Exercise aim: The response must be the exact lines from the line holding "A HEXAGONAL CUT GLASS DECANTER AND STOPPER." through the end of the entries, with no pictures and nothing else.

((

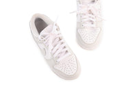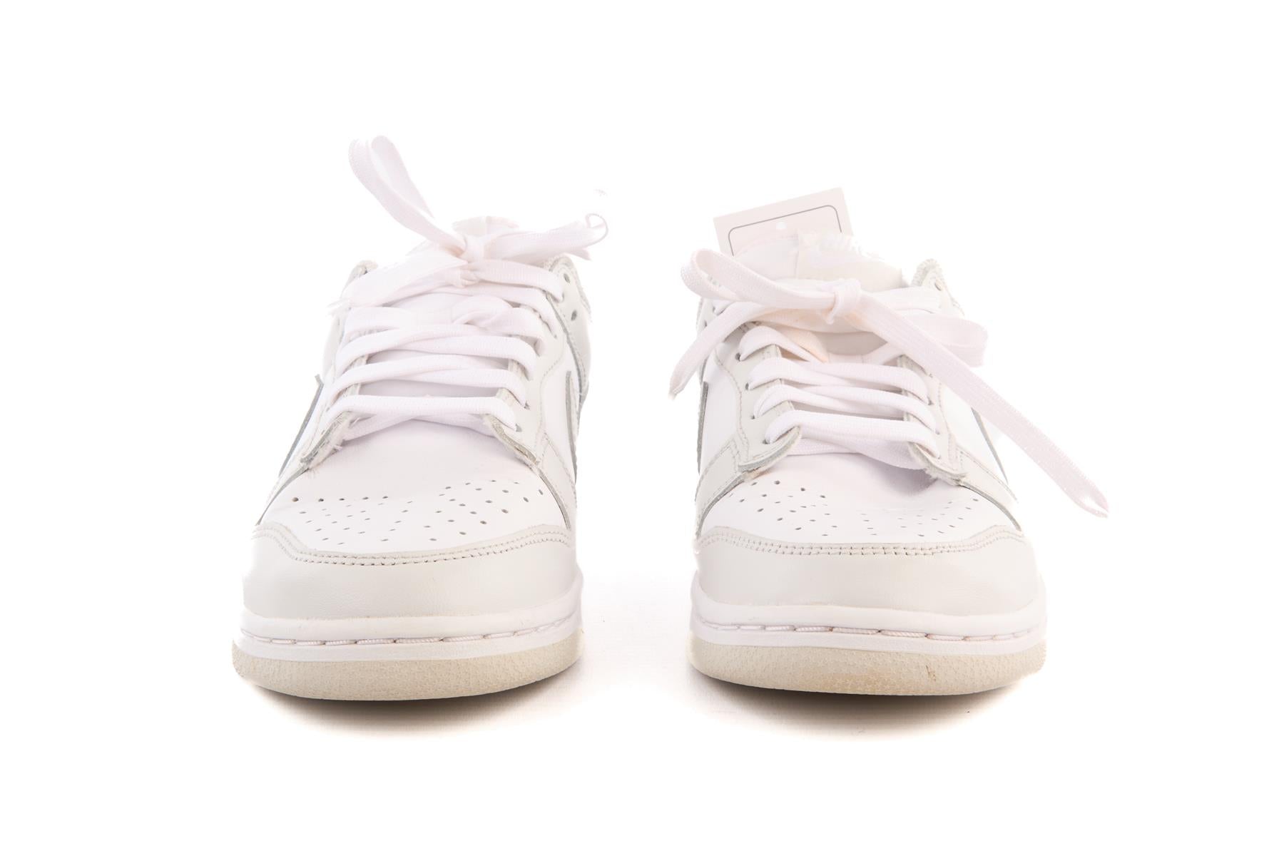 Nike Grey Leather Sneakers. Grey and white. Lace up fastening - Front. Does not come with - dustbag or box. EU 38.5 (UK 5, US 7.5). Insole: 9.5 in. Heel Height: 1.25 in.
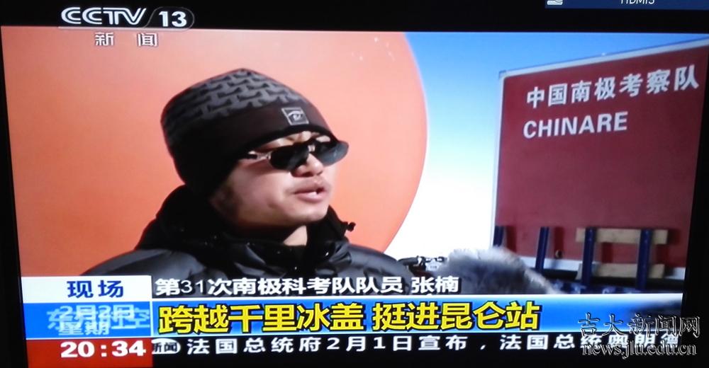 2月2日晚中央电视台《东方时空》栏目报道了第31次南极科考队抵达南极昆仑站的消息,报道中,吉林大学南极科考队员张楠接受了记者的采访,讲述了此次南极之旅的经历和感受。
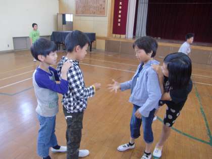 4くみの児童の2人はレクリエーション係なので、学年の前に立って見本を見せてくれました。
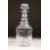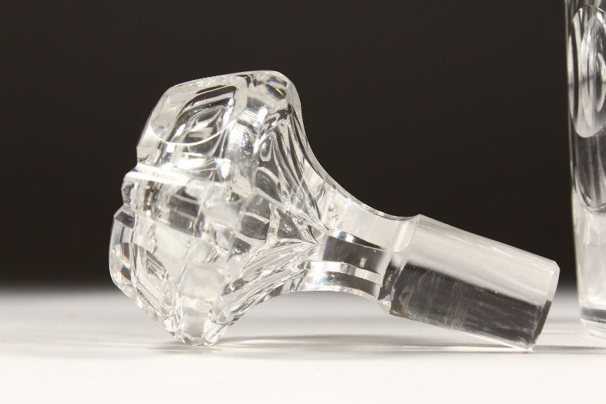 A HEXAGONAL CUT GLASS DECANTER AND STOPPER.
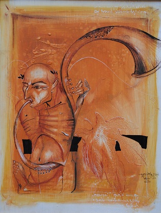 Engel Acryl und Kohle auf Holz (25 x 30 cm) (sold) | |
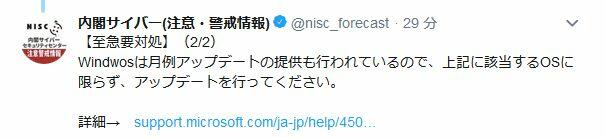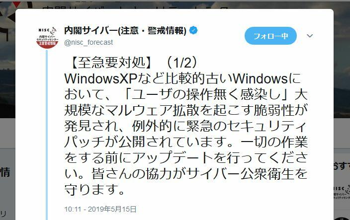 (情報提供元:twitterアカウント= @nisc_forecast 内閣サイバーセキュリティセンター[NISC] 2019年5月15日掲出)![]()
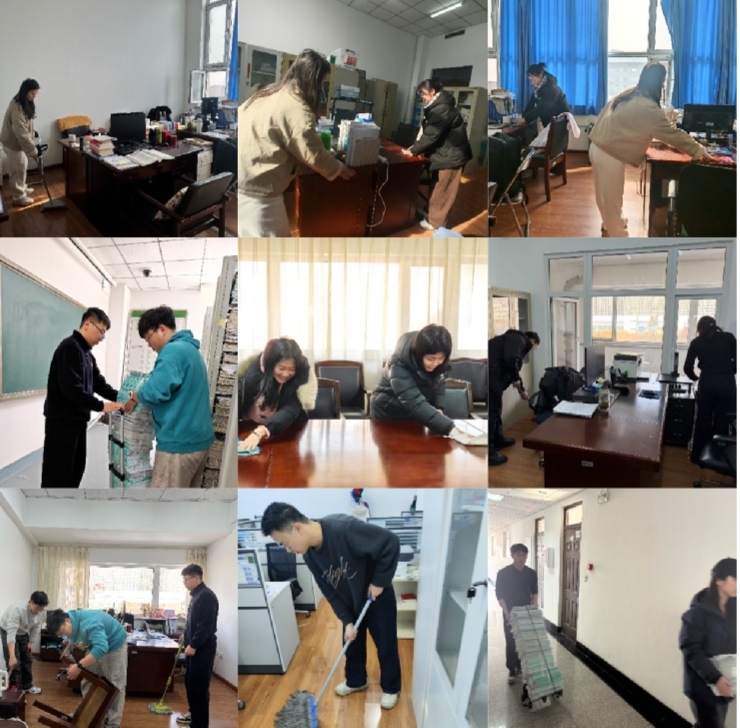 活动当天,全体党员佩戴党员徽章,准时集合、有序分工,以饱满的精神状态投入各教研室的环境清洁工作中。大家分工协作、认真细致,对教研室地面、桌面、资料柜及卫生死角进行了全面清扫与整理。一个个忙碌的身影,一件件贴心的举动,既美化了教学环境,也传递了学生对教师的敬爱与感恩,让春日的教研室内外焕然一新、暖意融融。
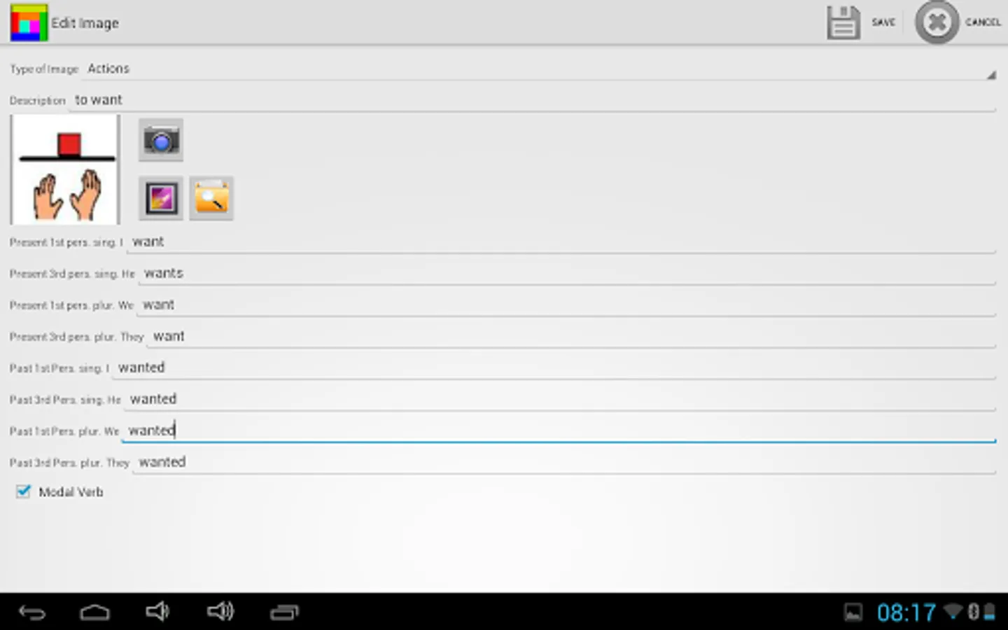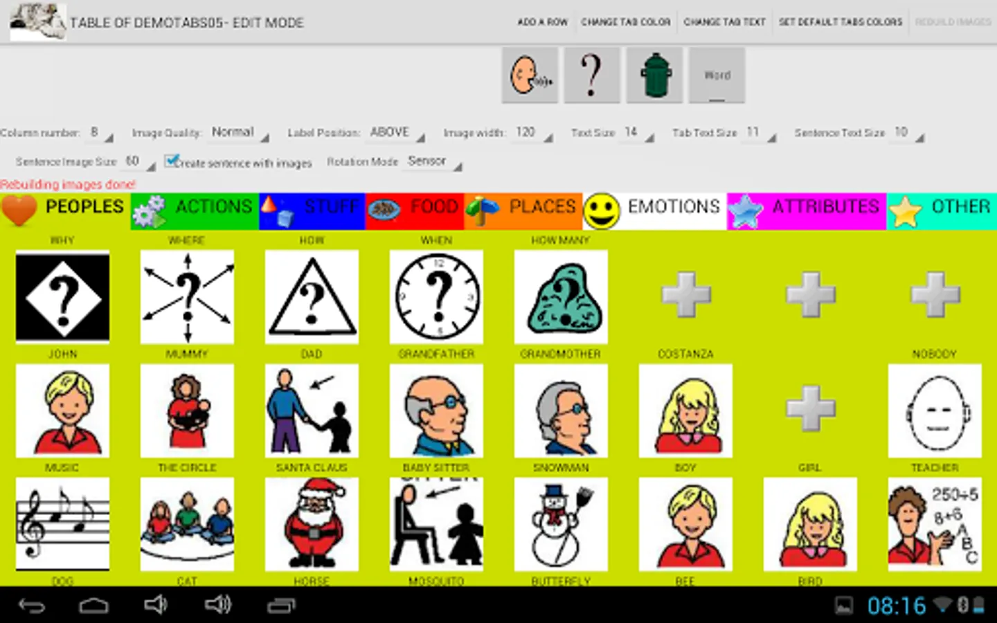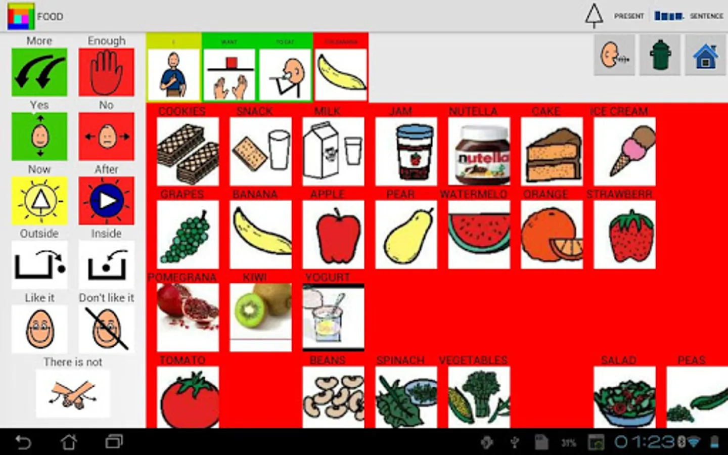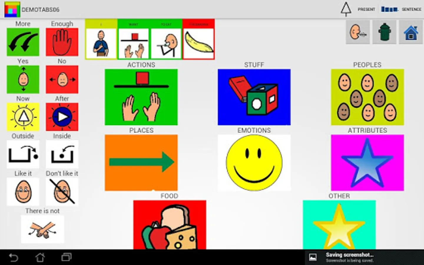 The tables are divided into 8 categories, People, Actions, Emotions, Objects, Food, Places, Adjectives, Other. You can decide to build a simple phrase or tap and talk.

))

Output of the task:
 A HEXAGONAL CUT GLASS DECANTER AND STOPPER.
 Engel Acryl und Kohle auf Holz (25 x 30 cm) (sold) | |
 (情報提供元:twitterアカウント= @nisc_forecast 内閣サイバーセキュリティセンター[NISC] 2019年5月15日掲出)![]()
 活动当天,全体党员佩戴党员徽章,准时集合、有序分工,以饱满的精神状态投入各教研室的环境清洁工作中。大家分工协作、认真细致,对教研室地面、桌面、资料柜及卫生死角进行了全面清扫与整理。一个个忙碌的身影,一件件贴心的举动,既美化了教学环境,也传递了学生对教师的敬爱与感恩,让春日的教研室内外焕然一新、暖意融融。
 The tables are divided into 8 categories, People, Actions, Emotions, Objects, Food, Places, Adjectives, Other. You can decide to build a simple phrase or tap and talk.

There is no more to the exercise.